В холле я повесил оба ключа на щит и пошел к школе. Приходилось все
время сдерживать себя, чтобы не ускорять шаг и тем самым не привлекать к
себе внимания праздно гуляющего народа.
Солнце склонялось к горизонту, с озер наползал туман, пахло весной. По
проспекту то и дело проезжали "УАЗы", "Нивы", автобусы "ПАЗ",
останавливались у домов. Из них вываливались мужики в ватниках, с ведрами и
мешками рыбы в руках. Но без удочек. Протарахтел мотоцикл с коляской.
Молодой парень в коляске размахивал перед встречными парой диких гусей.
Что-то не слышал я, что сезон охоты уже открылся.

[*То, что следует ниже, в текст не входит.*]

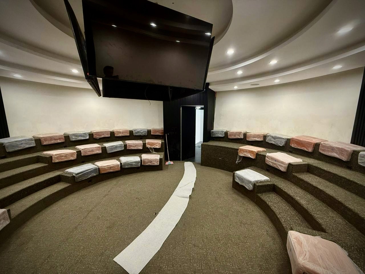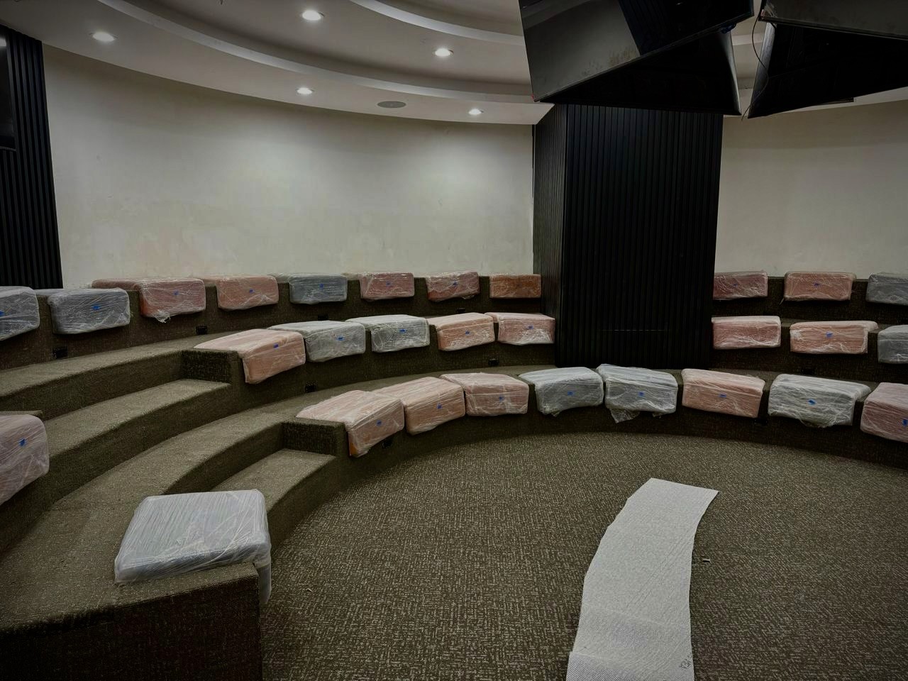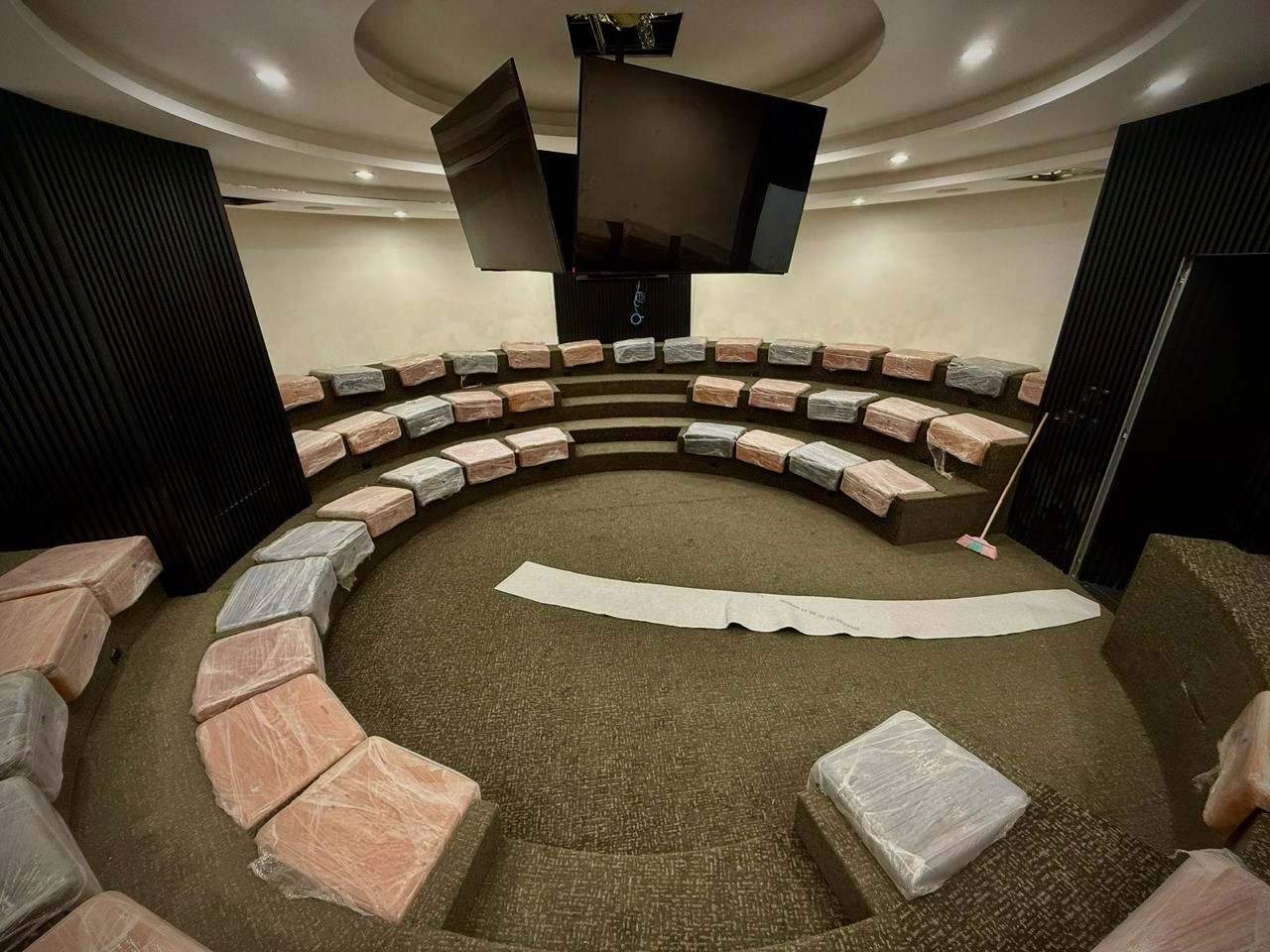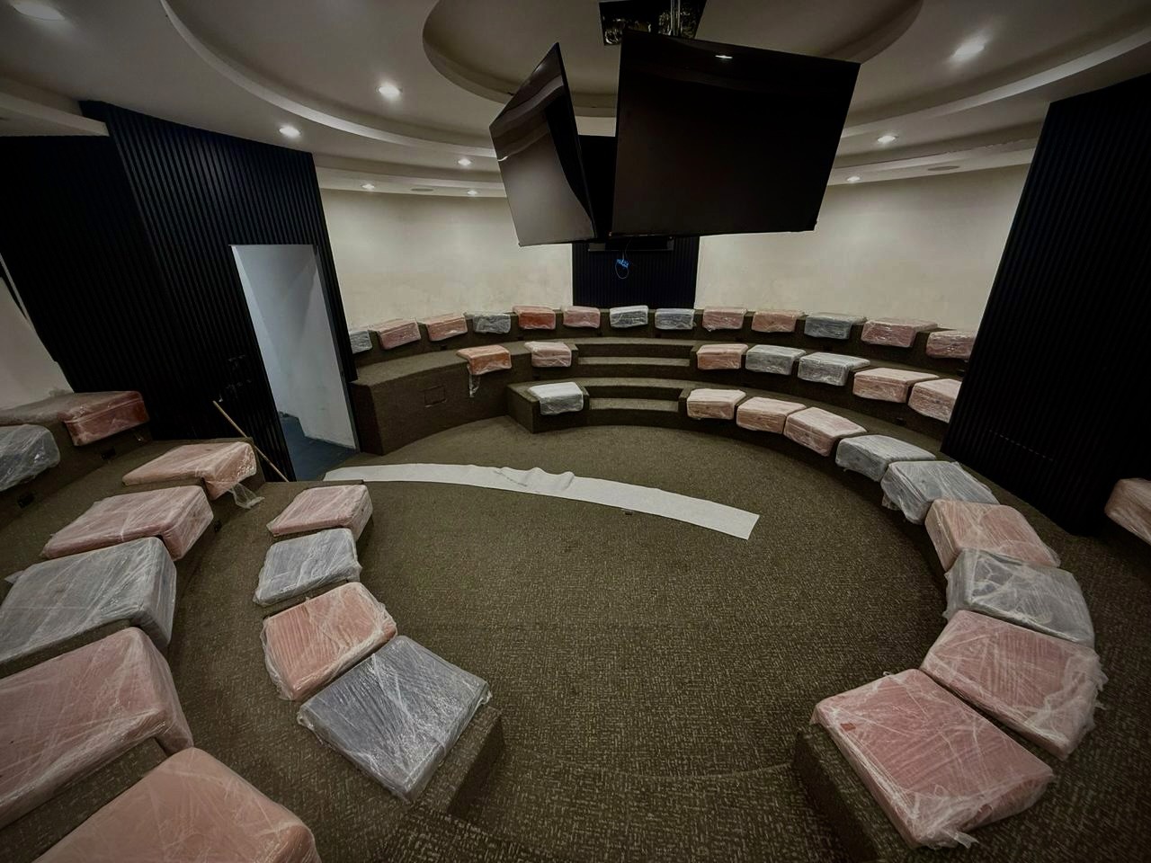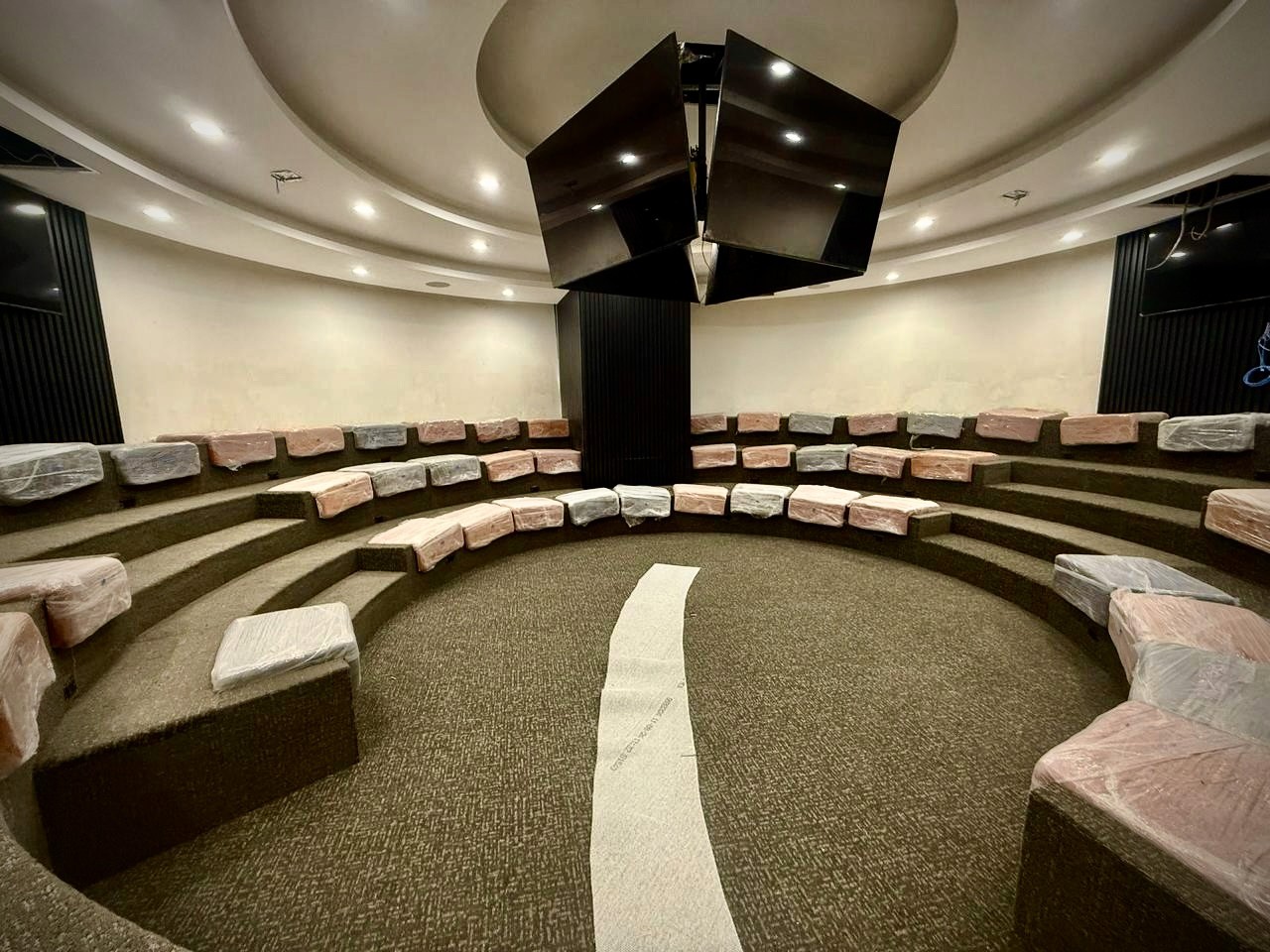 Plafones, baffles, muros y nubes acústicas instalados con precisión técnica.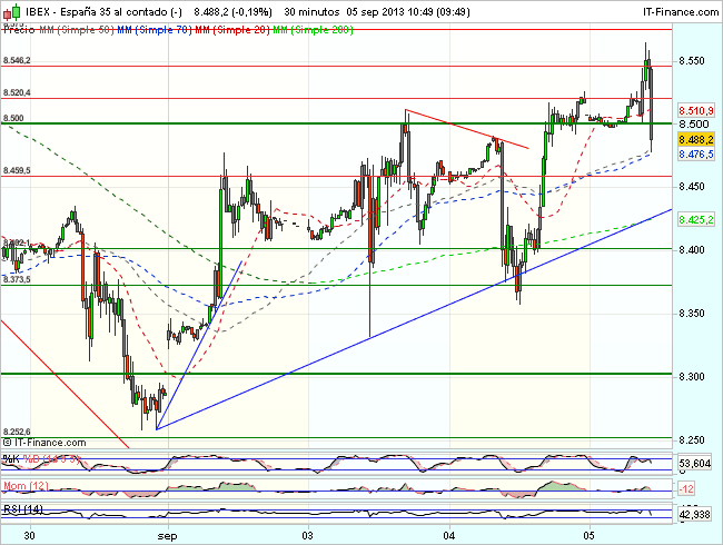 Por encima de los 8.500 puntos, el aspecto técnico del Ibex mejoraría y podríamos ver mas alzas, en dirección a los 8.600 – 8.700 puntos.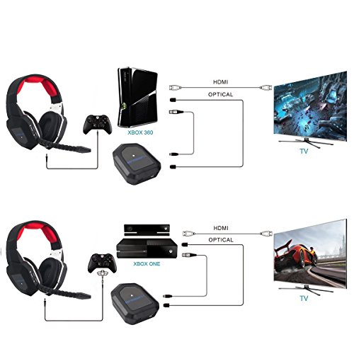 HAMSWAN 2.4GHz Wireless Cuffia da Gioco Gaming Cuffie Over Ear per XBOX 360/XBOX ONE/PS3/PS4 Con Microfono Staccabile USB2.0 Batteria Ricaricabile L'effetto Cancellazione Rumore(Un'adattatore di Microsoft o Kinect è necessario per l'utilizzo con XBOX ONE)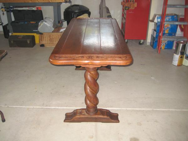 Oak library table having barley-twist pedestals on shoe feet with stretcher for additional strength. the top is made of multiple boards and each end terminates in a hand carved- design. Produced or retailed by O.W. Richardson & Co. Furniture and Floor Coverings. the underside bears it's original stamped metal tag "O.W.. Richardson & Co. Chicago-oak Park and a pattern number "818/296".

Но здесь, видно, народ сам
определял, когда сезон открывать, а когда закрывать.
В школьном спортзале никого не было. Сторож сказал, что все лыжники
вместе с тренером еще часа два назад куда-то ушли. Я позволил себе
усомниться: куда они могли уйти?
-- Не веришь, дак сам гляди! -- обиделся сторож и открыл двери
спортзала.
Действительно, никого не было. Лыжи в чехлах стояли у шведской стенки,
а на матах валялись разноцветные рюкзаки и куртки. Я извинился перед
сторожем и направился к телецентру. И у проходной сразу понял, куда делись
эти лыжники. Трое из них стояли перед воротами, а еще две пары, как я успел
заметить, контролировали телецентр по периметру. Они были в штатских
утепленных плащах и в просторных пуховиках, под которыми можно было спрятать
любой ствол.
-- Телецентр закрыт на профилактику, -- объяснил мне один из них.
Я показал временный пропуск, подписанный директором телестудии, но он
не произвел ни малейшего впечатления.
-- Закрыто все, -- повторил "лыжник". -- Вали, парень, домой. Завтра
придешь.
Я понял, что переубедить его мне не удастся, силой прорываться тоже
было ни к чему. Поэтому я сказал:
-- Тогда передайте полковнику Голубкову, что "Экспрей" исчез.
-- Кто такой Голубков? Не знаем мы никакого Голубкова.
-- А вдруг познакомитесь, мало ли. Так и скажите: нет больше "Экспрея"
на месте.
-- Что такое "Экспрей"? -- поинтересовался второй.
-- А это такая жидкость против облысения. Он знает, -- добавил я и не
торопясь зашагал к проспекту. Минут через пять оглянулся. У ворот стояли
только двое, третьего не было. Ясно, пошел докладывать. Ну, если Голубков
захочет меня увидеть, найдет.
И немного времени в запасе еще было.
До начала операции оставалось пять часов пятьдесят минут, а до выезда
на исходную точку -- три двадцать.
II
Многовато у меня было адреналина в крови. Явный излишек. И не ко
времени. Я не рассчитывал, что мне удастся привести себя в состояние полного
предстартового расслабления, но сбить мандраж было нужно. Хотя бы для того,
чтобы он не передался ребятам. А эта зараза похлеще любого гриппа,
трансформируется безо всяких чихов. Поэтому я еще побродил по проспекту,
останавливаясь возле палаток с таким количеством разноцветных и разномастных
бутылок, что рябило в глазах, а у магазинчиков, торгующих аудио- и
видеокассетами, раз десять прослушал песню о мальчике, который хочет в
Тамбов. Я так и не понял, чего ему в этом Тамбове делать, но прогулка своей
цели достигла. Я почти успокоился, что и требовалось доказать.
В начале девятого я вернулся в гостиницу, поднялся на третий этаж, где
находились наши номера, и постучал в комнату Артиста. Никто не ответил. Я
еще раз постучал, погромче. Тот же эффект. Подергал дверную ручку --
заперто.
Что за черт? Где-то гуляет?
Где он может гулять? На полукилометровом проспекте Энергетиков Артиста
не было, я только что прошел по нему туда и обратно. А где еще можно гулять
в этой кучке стандартных пятиэтажек, просматриваемых насквозь практически с
любой точки?
А когда-то, говорят, здесь было большое русское село с избами,
поставленными на века. Снесли в конце 60-х после пуска первого блока АЭС.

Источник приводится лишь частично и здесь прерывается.